### TASK ITEM
Output the full listing below exactly as it reads, and skip anything that is a picture.

### DATA SECTION

= = =

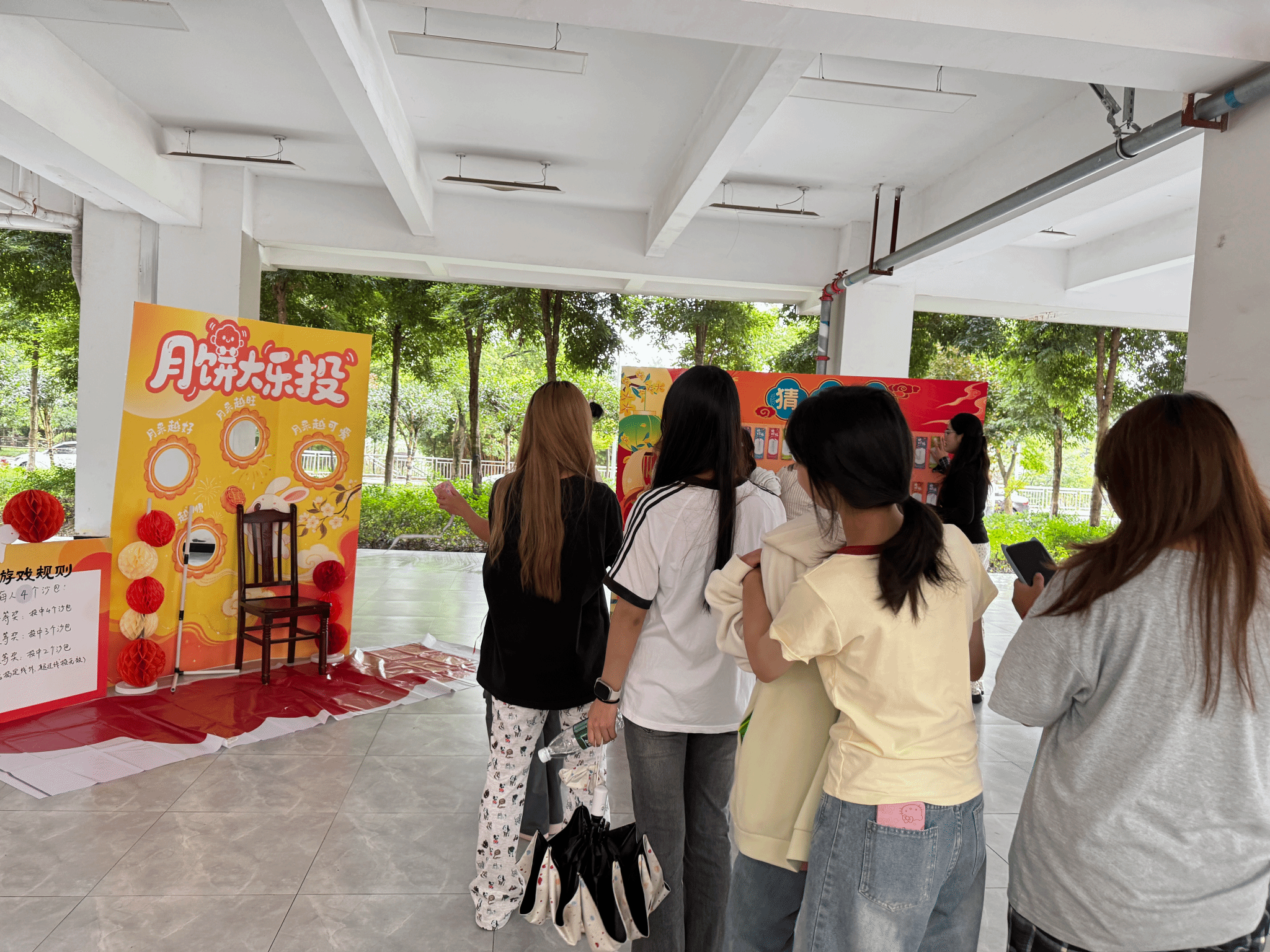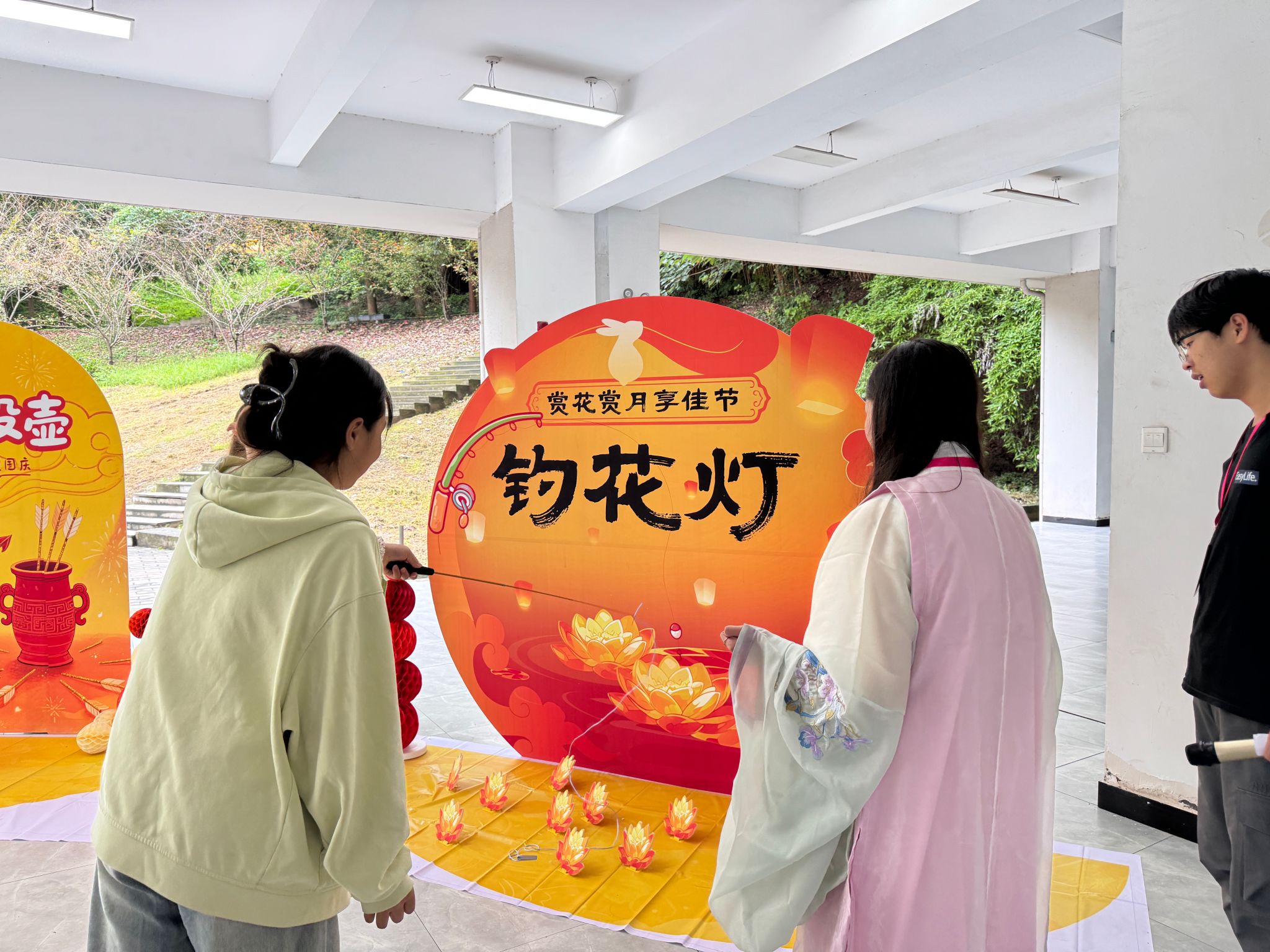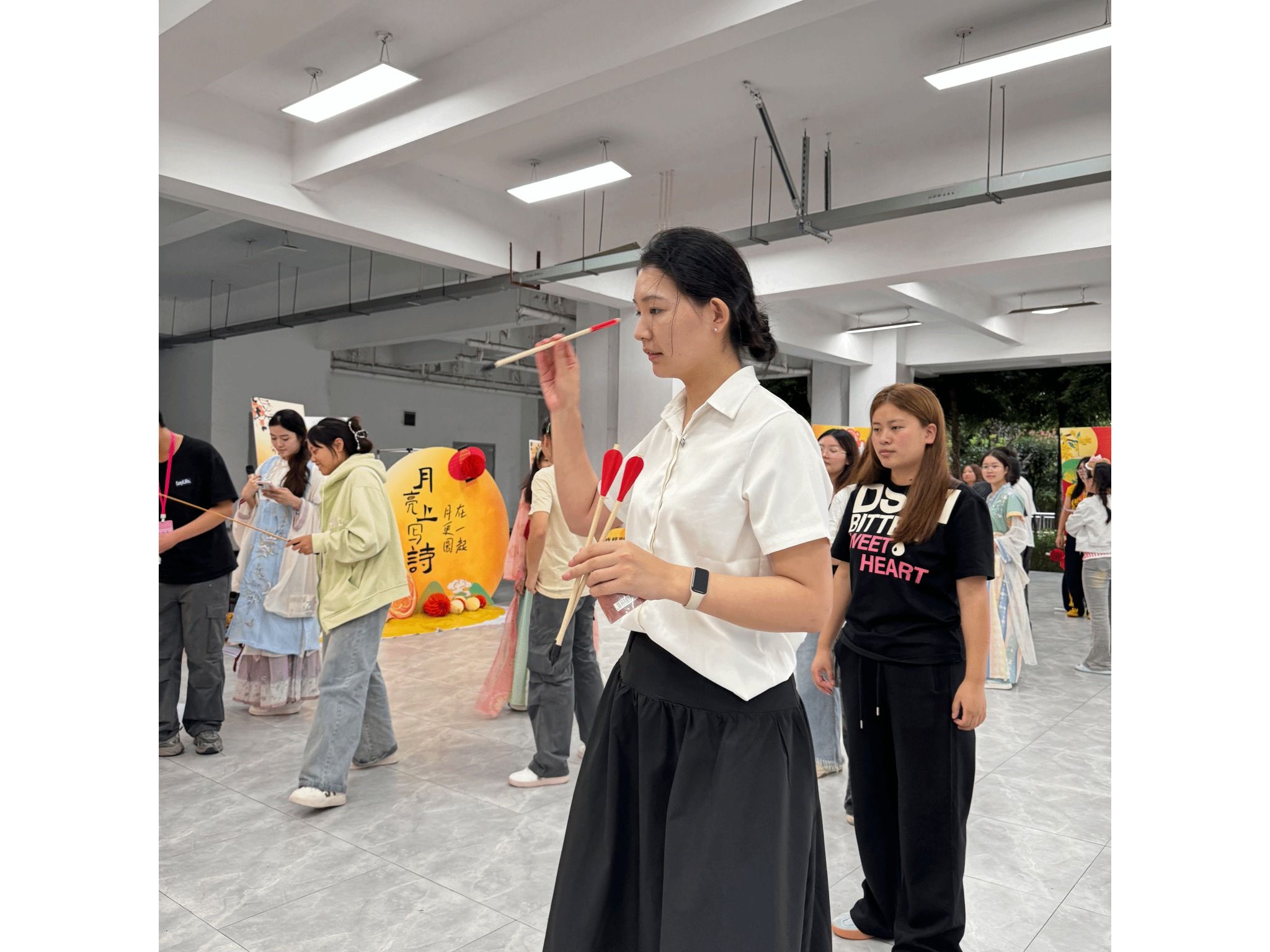 本次活动别出心裁地设置了“钓花灯”、“巧猜灯谜”、“投壶”和“趣味扔沙包”四个互动体验区,每个环节都巧妙融入了东坡文化元素,让参与者在欢声笑语中感受传统文化的魅力。同时在教室里也开展着一场月饼制作活动,让同学们感受不一样的中秋氛围。
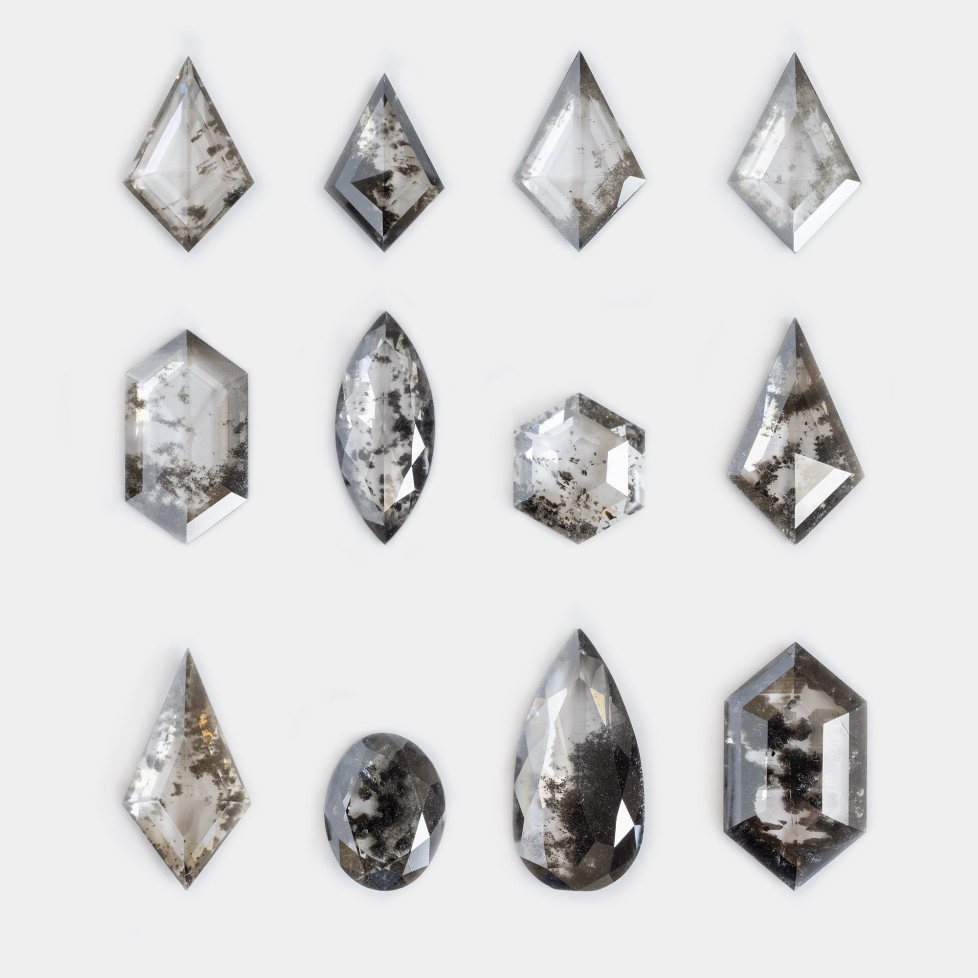 pear shaped lab grown diamond features gorgeous faceting + salt and pepper matrix
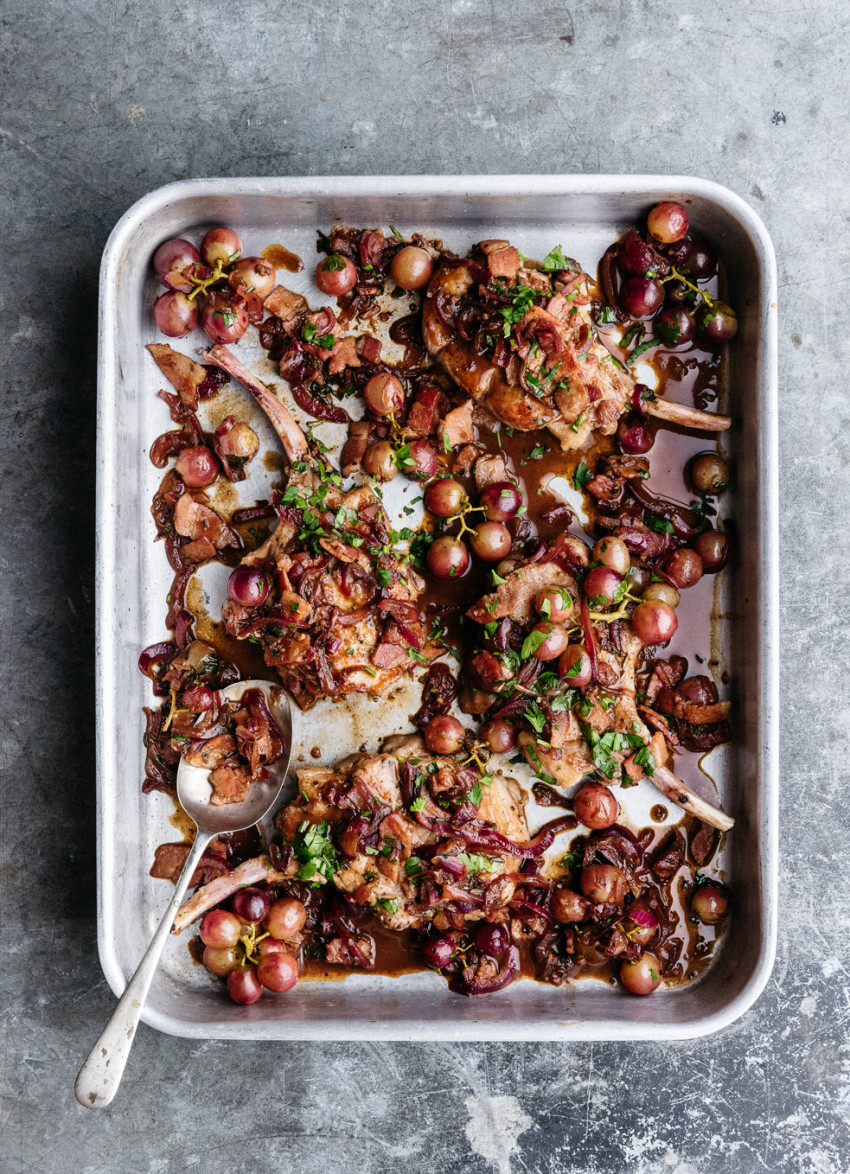 A panful of porky deliciousness! A wonderful combination of juicy grapes, balsamic and rosemary top these tender pork chops. Serve with a creamy mash or soft polenta.

= = =

### SOLUTION FOR THIS EXERCISE
 本次活动别出心裁地设置了“钓花灯”、“巧猜灯谜”、“投壶”和“趣味扔沙包”四个互动体验区,每个环节都巧妙融入了东坡文化元素,让参与者在欢声笑语中感受传统文化的魅力。同时在教室里也开展着一场月饼制作活动,让同学们感受不一样的中秋氛围。
 pear shaped lab grown diamond features gorgeous faceting + salt and pepper matrix
 A panful of porky deliciousness! A wonderful combination of juicy grapes, balsamic and rosemary top these tender pork chops. Serve with a creamy mash or soft polenta.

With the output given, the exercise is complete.